4 COMMENTS • This post is filed under: Uncategorized •

Have you ever been in that awful writing slump where you just can’t find the words for, well, anything? Whether it’s a simple description of a swirled lollipop or a mere “Hello!” exchanged between your characters? Or even just a name – that one character you just can’t place, and without their identity, your story can’t progress?

Or, hey, even something less complicated – like writing a blog post?

But then there’s hope! You’re working part-time, going to school, going to the gym, hanging out with friends, making sure to catch the latest GLEE episode, and suddenly it hits you: the words you’ve been looking for! But how are you going to get them down without forgetting? And why did they have to show up now, when you’re incredibly busy and can’t give them the attention they deserve?

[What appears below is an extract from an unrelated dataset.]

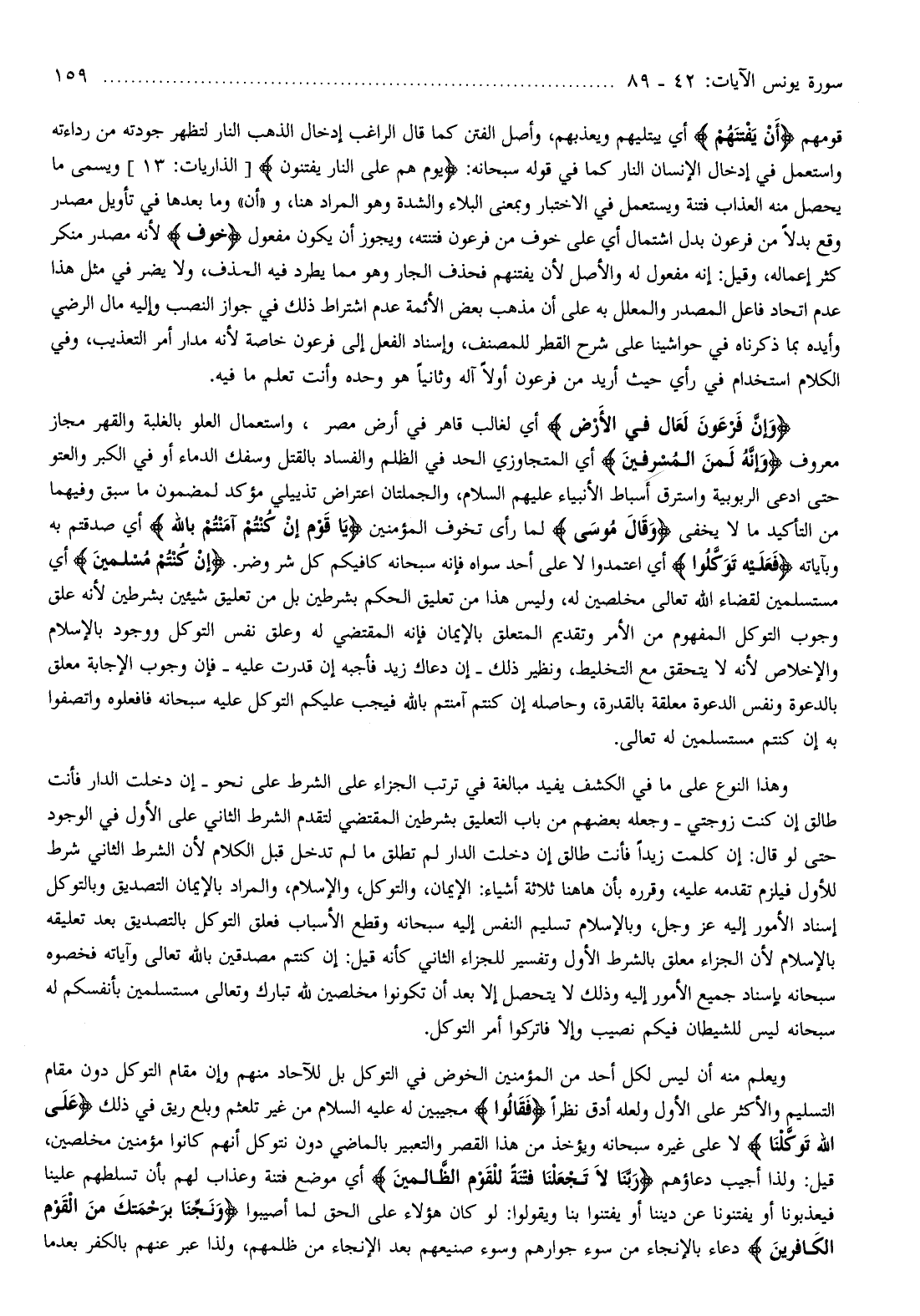 وَإِنَّ فِرْعَوْنَ لَعالٍ فِي الْأَرْضِ أي لغالب قاهر في أرض مصر، واستعمال العلو بالغلبة والقهر مجاز معروف وَإِنَّهُ لَمِنَ الْمُسْرِفِينَ أي المتجاوزي الحد في الظلم والفساد بالقتل وسفك الدماء أو في الكبر والعتو حتى ادعى الربوبية واسترق أسباط الأنبياء عليهم السلام، والجملتان اعتراض تذييلي مؤكد لمضمون ما سبق وفيهما من التأكيد ما لا يخفى وَقالَ مُوسى لما رأى تخوف المؤمنين يا قَوْمِ إِنْ كُنْتُمْ آمَنْتُمْ بِاللَّهِ أي صدقتم به وبآياته فَعَلَيْهِ تَوَكَّلُوا أي اعتمدوا لا على أحد سواه فإنه سبحانه كافيكم كل شر وضر. إِنْ كُنْتُمْ مُسْلِمِينَ أي مستسلمين لقضاء الله تعالى مخلصين له، وليس هذا من تعليق الحكم بشرطين بل من تعليق شيئين بشرطين لأنه علق وجوب التوكل المفهوم من الأمر وتقديم المتعلق بالإيمان فإنه المقتضي له وعلق نفس التوكل ووجود بالإسلام والإخلاص لأنه لا يتحقق مع التخليط، ونظير ذلك- إن دعاك زيد فأجبه إن قدرت عليه- فإن وجوب الإجابة معلق بالدعوة ونفس الدعوة معلقة بالقدرة، وحاصله إن كنتم آمنتم بالله فيجب عليكم التوكل عليه سبحانه فافعلوه واتصفوا به إن كنتم مستسلمين له تعالى.
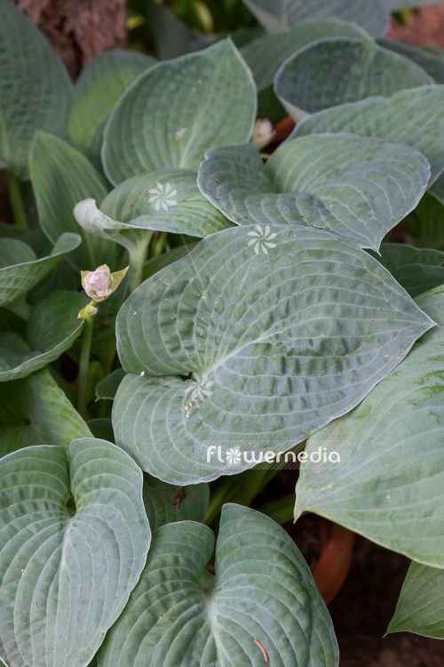 Plantain lily with the scientific name: Hosta 'Abquia Blue Crinckles', a variety of the genus Hosta (Blue day lily) in the family Asparagaceae.

Oh, but surely you can do it! Look at J.K. Rowling, who wrote bits of Harry Potter on napkins. If she can do it, so can you! But you don’t have any napkins. So you’ll have to improvise. You don’t have a pen, either. You’ve got your bag and your white chocolate mocha latte, and you’re on the move.

And then another thing hits you: your phone! Of course, you can use your phone to store your inspiration! You text furiously, going going going, while everyone around you asks if you’re writing a novel to someone. Why yes, you are. In fact, that is exactly what you’re doing. You are writing a novel and sending it to yourself. You hit send and suddenly you’re relieved. You didn’t lose it. You found the words and you didn’t lose them.

However, the next time you sit down to write, you either forget about having texted such brilliant work to yourself, or it’s no longer useful to you and you’ve moved on. It’s a major catch-22.

To make a long story short, this is what typically happens to me. Sometimes I wish I didn’t prefer typing over handwriting, so I’d be more motivated to carry a notebook around with me to store ideas. But no, I use my phone. I have racked up around thirty six texts to myself, including various ideas for names, plots, and even small snippets of poetry – all of which I never incorporate in whatever story I may be working on at the time.

But what about you? How do you get the words out? Do you use your phone? Or do you carry that nifty little notebook (but then how do you carry that delicious latte?)?